* **Task instructions**: Starting at the line that contains "Na prízemí je" and stopping at the line that contains "Urban design for", restate each line of the records below exactly. Omit the pictures.

* **Supplied material**:
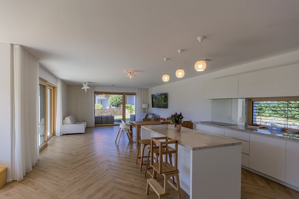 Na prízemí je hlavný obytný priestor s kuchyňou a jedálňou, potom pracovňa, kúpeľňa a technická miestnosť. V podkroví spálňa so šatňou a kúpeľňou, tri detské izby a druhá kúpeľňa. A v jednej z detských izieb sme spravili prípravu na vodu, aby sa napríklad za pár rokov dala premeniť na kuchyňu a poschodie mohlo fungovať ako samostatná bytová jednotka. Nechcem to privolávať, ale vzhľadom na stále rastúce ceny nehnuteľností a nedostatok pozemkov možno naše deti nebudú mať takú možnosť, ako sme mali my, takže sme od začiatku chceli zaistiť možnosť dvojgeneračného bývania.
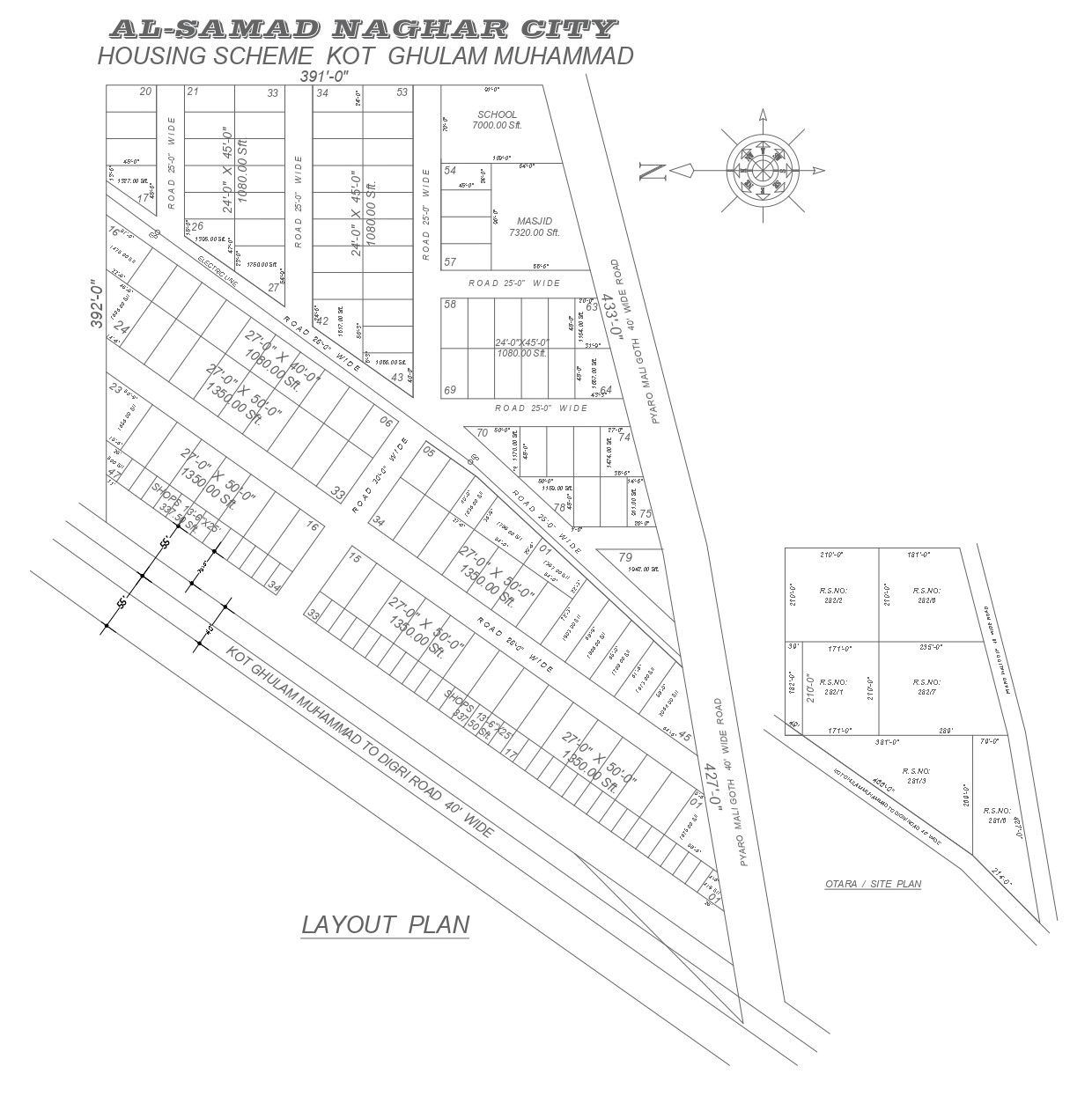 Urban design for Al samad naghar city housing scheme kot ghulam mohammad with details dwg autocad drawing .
--
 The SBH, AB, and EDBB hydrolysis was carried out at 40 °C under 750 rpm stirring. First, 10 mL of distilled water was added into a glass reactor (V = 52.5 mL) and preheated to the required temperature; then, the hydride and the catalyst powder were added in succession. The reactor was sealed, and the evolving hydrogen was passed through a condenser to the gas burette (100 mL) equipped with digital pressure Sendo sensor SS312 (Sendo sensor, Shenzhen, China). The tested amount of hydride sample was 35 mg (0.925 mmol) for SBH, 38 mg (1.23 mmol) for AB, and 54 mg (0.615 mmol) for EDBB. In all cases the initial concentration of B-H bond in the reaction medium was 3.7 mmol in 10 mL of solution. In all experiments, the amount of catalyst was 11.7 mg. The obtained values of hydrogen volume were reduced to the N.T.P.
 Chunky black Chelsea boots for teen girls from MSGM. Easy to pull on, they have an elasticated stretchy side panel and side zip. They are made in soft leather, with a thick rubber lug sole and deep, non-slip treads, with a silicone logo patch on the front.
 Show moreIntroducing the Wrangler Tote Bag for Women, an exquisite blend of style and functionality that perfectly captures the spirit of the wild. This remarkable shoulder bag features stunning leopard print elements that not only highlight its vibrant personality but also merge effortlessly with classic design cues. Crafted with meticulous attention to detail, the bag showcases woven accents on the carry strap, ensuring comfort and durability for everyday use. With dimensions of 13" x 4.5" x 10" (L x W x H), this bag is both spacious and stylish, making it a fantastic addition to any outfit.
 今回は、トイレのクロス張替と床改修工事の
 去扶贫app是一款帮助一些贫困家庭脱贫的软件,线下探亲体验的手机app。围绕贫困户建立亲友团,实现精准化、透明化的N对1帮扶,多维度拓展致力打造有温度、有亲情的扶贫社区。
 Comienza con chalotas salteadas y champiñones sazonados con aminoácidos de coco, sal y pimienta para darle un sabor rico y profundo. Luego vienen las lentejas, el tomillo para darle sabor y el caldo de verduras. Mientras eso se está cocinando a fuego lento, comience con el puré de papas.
==
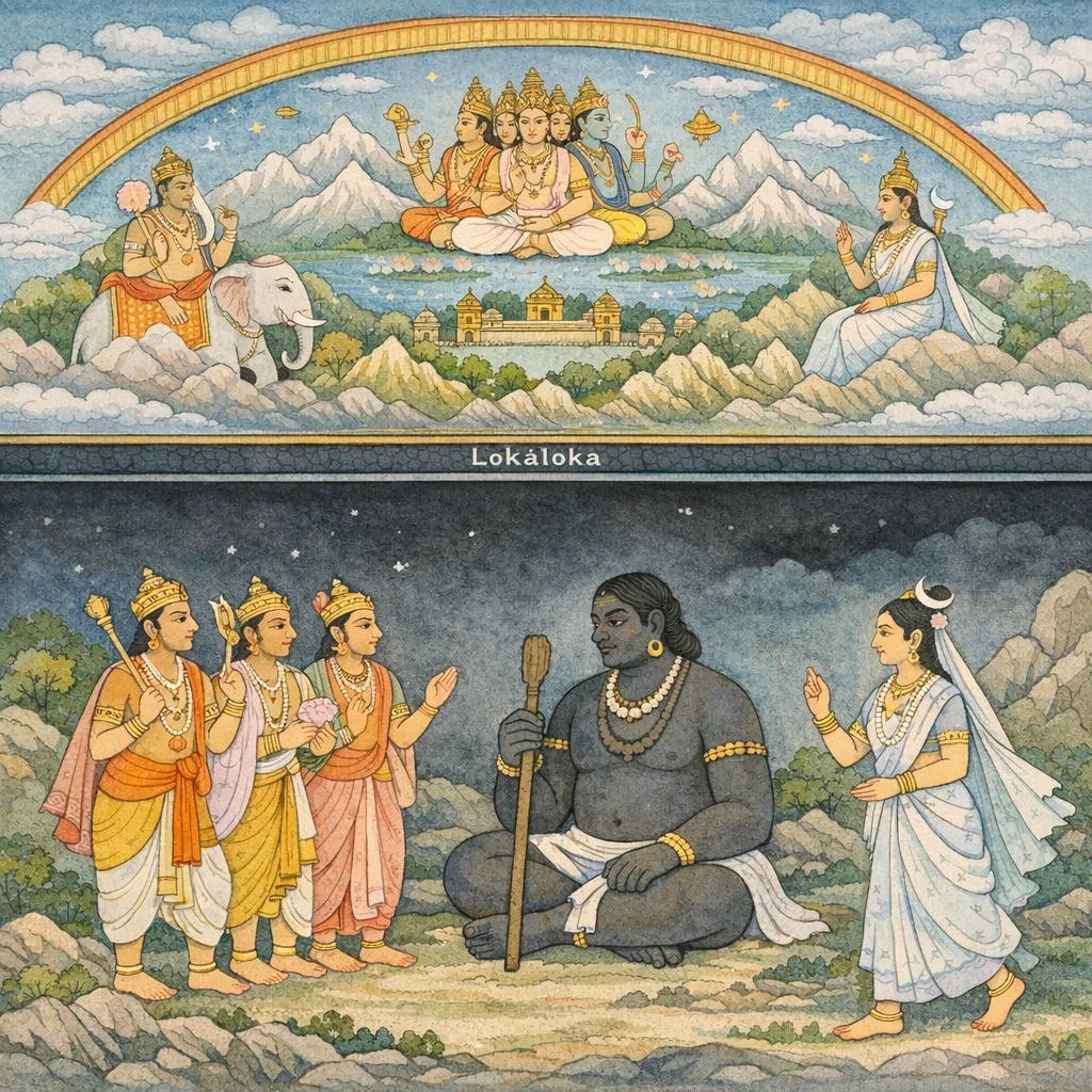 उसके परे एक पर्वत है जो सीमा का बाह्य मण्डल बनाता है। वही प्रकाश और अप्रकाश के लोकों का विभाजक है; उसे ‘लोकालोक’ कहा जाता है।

* **Problem solution**:
 Na prízemí je hlavný obytný priestor s kuchyňou a jedálňou, potom pracovňa, kúpeľňa a technická miestnosť. V podkroví spálňa so šatňou a kúpeľňou, tri detské izby a druhá kúpeľňa. A v jednej z detských izieb sme spravili prípravu na vodu, aby sa napríklad za pár rokov dala premeniť na kuchyňu a poschodie mohlo fungovať ako samostatná bytová jednotka. Nechcem to privolávať, ale vzhľadom na stále rastúce ceny nehnuteľností a nedostatok pozemkov možno naše deti nebudú mať takú možnosť, ako sme mali my, takže sme od začiatku chceli zaistiť možnosť dvojgeneračného bývania.
 Urban design for Al samad naghar city housing scheme kot ghulam mohammad with details dwg autocad drawing .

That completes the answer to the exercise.